What are you doing now and for whom?
I am a Goldman Sachs 10k small Biz business growth coach and provide organizations with employee training & professional development
What common challenges do you encounter as an OD Professional?
An unwillingness on the part of organizations to invest in their people, senior leadership’s inability to view their unconscious biases and a lack of business ownership empathy and emotional intelligence.
Tell us about your commitment to advancing a culture of success in organizations you work with.
I help organizations from start-up to established multinational corporations, non-profits, and Government agencies to chart a strategy for evolution in today’s five-generation American workplace to remain competitive given the tremendous accelerated pace of societal change
What methods, resources, or content does your team create and offer to allow for this type of transformation?
I work with my clients to identify where they are currently, where they want to go, and how to get there. This is most often done by defining, creating, and implementing employee-centric programs to release their people’s untapped potential. Several programs that I have developed for my clients include emotional intelligence, effective communications, relationship-building, teamwork, employee coaching/mentoring, reward and recognition, idea generation, critical thinking/creative problem-solving. I have worked with organizations to re-architect their talent acquisition programs and build diverse and inclusive workplaces by transforming their cultures from 20th Century profit focus to 21st-century employee empowerment.
In what ways does OD work take into consideration the whole individual in experiencing growth and learning?
The employee is the heart of any organization. The challenge is to work with individuals who own and run organizations to adapt their own mindsets and approaches to organizational that lead them away from outdated failed processes of control and asset allocation to employee empowerment and engagement/ This is the heart of my book: “The Compassionate Organization” where I spent five years researching the characteristics and attributes that all great organizations share. And the one consistent universal characteristic is compassionate cultures.
How do you and your clients measure those results? Can you share a specific example?
We conduct employee-based ROIs (considered Human capital audits) to identify the skills, expertise, knowledge, training, and education that each employee possesses that they are empowered to use in determining their own work. These assessments are in actuality employee autonomy audits.
Of the various business transformation initiatives that you’ve spearheaded, how did you get the ball rolling? You go on client active listening tours. Speak to ownership/leadership, the management ranks, then front line staff. I then integrate my finding s by speaking with their clients, vendors, partners, suppliers. I interview their key stakeholders. But at the heart of everything that I do to help organizations transition, is a singular focus on their employees, not just full-time staff but temporary employees, contract workers…everybody.
How do you sell your ideas to senior leaders in the organization?
By throwing back the curtains that blind them to the realities of their organization, how it engages or fails to empower its people and the tremendous gains that can be made by tapping into the riches of talents their people possess that they are not leveraging for lasting competitive advantage.
How have you been able to position yourself as a trusted advisor either internally or externally as an OD Professional?
I really do possess a fairly unique and unmatched background.

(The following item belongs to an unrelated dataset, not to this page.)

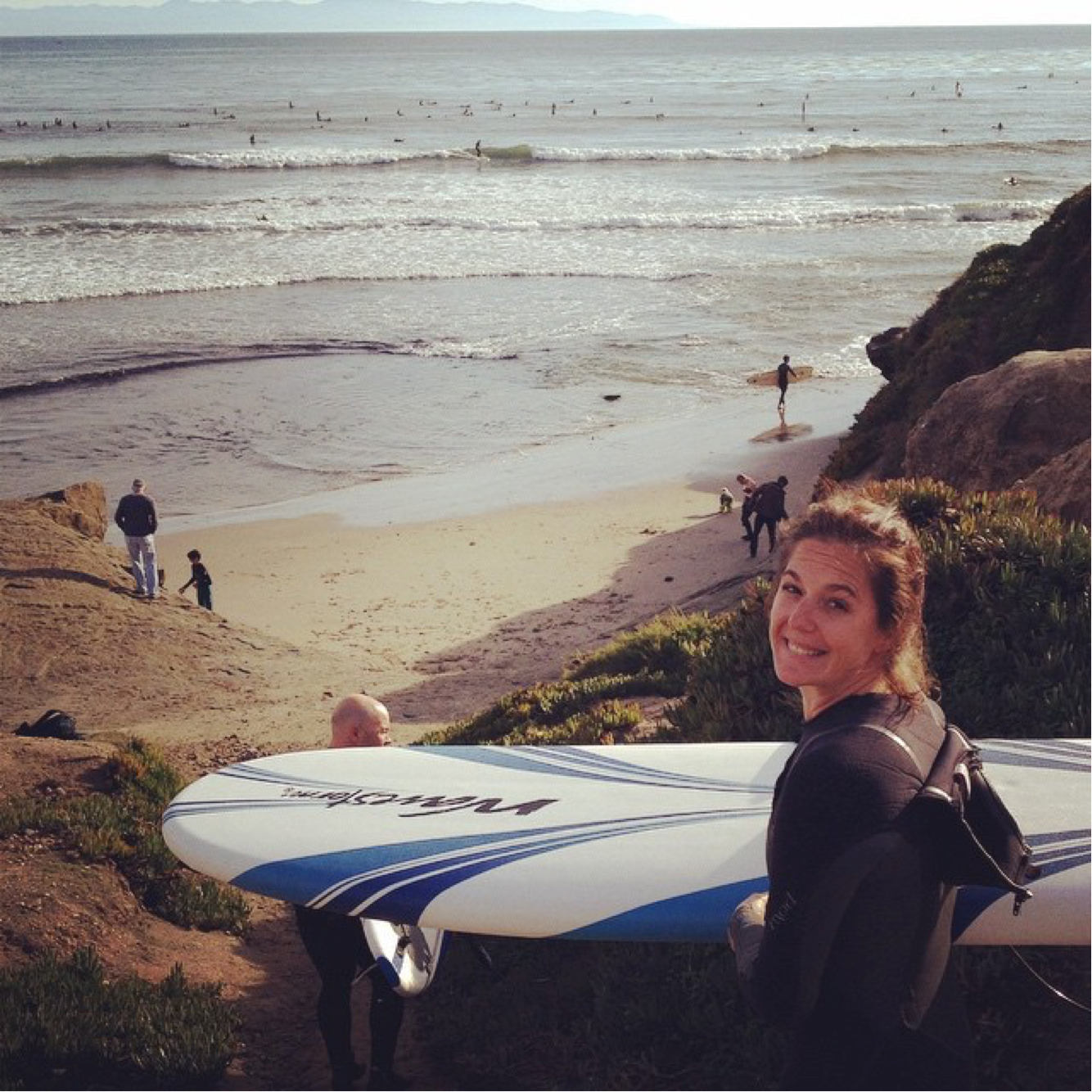 See that solitary green house on the cliff between the Hook and Pleasure Point? That’s Jack O’Neill’s house. Jack O’Neill is famous for inventing the wetsuit back in the 1950s. He’s a renowned surf legend. O’Neill’s original surf shop and wetsuit outlet can be found on 41st Avenue.

I spent the first 23 years of my career in corporate America in a number of marketing and product management roles. I have taught business courses on leadership, ethics, organizational behavior, etc. at 9 NY/NJ Universities, and conducted career exploration and workforce readiness talks at over 50 colleges & Universities. I am a Marion Ewing Kaufman Foundation Growth venture trained coach and a business coach for the Goldman Sachs 10k small business program.
I spent the first 5 years in my practice as a career coach, and my first book was “Bulletproof your career in a turbulent time.” I have since then pivoted my focus over the last five years to provide organizational development coaching and strategic business consulting to 250+ organizations including the Fortune 500 (Calvin Klein, JNJ, Goldman Sachs, etc.), family-run businesses, start-up’s as well as over 100 non-profits, Gov’t agencies.

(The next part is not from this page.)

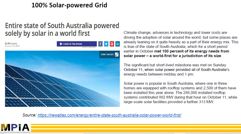 Chong presented the global trend in solar energy adoption and pointed out that in terms of energy transition, Australia with 25 million population had more than 2 million rooftops with solar systems while Malaysia with a population of 32 million had less than 20,000 buildings with rooftop solar systems. He said the potential for buildings that could adopt solar rooftop solutions in Malaysia included the 3.2 million residential houses, 450,000 shop houses, 110,000 factories, 1,000 shopping malls and 5,000 government buildings.

Organizational transformation often takes months and years. How do you maintain momentum for such a long period?
As you’re undertaking a transformation, how do you spread the word about what’s happening within the organization? I work with the power brokers to develop a 365-day communication editorial calendar with an action plan and a pre-funded budget. We go inside and outside the organization but ALWAYS with an emphasis on full and complete transparency in communicating with employees. No organization has EVER gotten into trouble for communicating its vision, mission, values, and employee-driven OD initiatives too much.

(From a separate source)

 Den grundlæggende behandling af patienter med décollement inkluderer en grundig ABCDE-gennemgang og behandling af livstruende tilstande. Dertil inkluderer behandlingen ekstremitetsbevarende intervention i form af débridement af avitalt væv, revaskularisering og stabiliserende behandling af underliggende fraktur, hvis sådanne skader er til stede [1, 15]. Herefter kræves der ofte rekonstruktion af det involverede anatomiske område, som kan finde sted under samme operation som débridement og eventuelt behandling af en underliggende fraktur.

Do you have any final lessons that you’d like to share?
Start small…think big…begin now. Apply a ready, fire, aim approach. Always, always engage your people in meaningful discussions. Stop hiring for job descriptions, get rid of those destructive performance reviews, understand that people are really bad at evaluating others, start seeking superhero qualities. Hire the best attributes and you can always train those superstars on how to get the work done. Management is a dirty word in my book. Management is a leftover vestige of a bygone 20th century with a destructive focus on profits. Work with organizations to shift their focus to their people. Start understanding, learning and then training our 21st-century transformational leaders.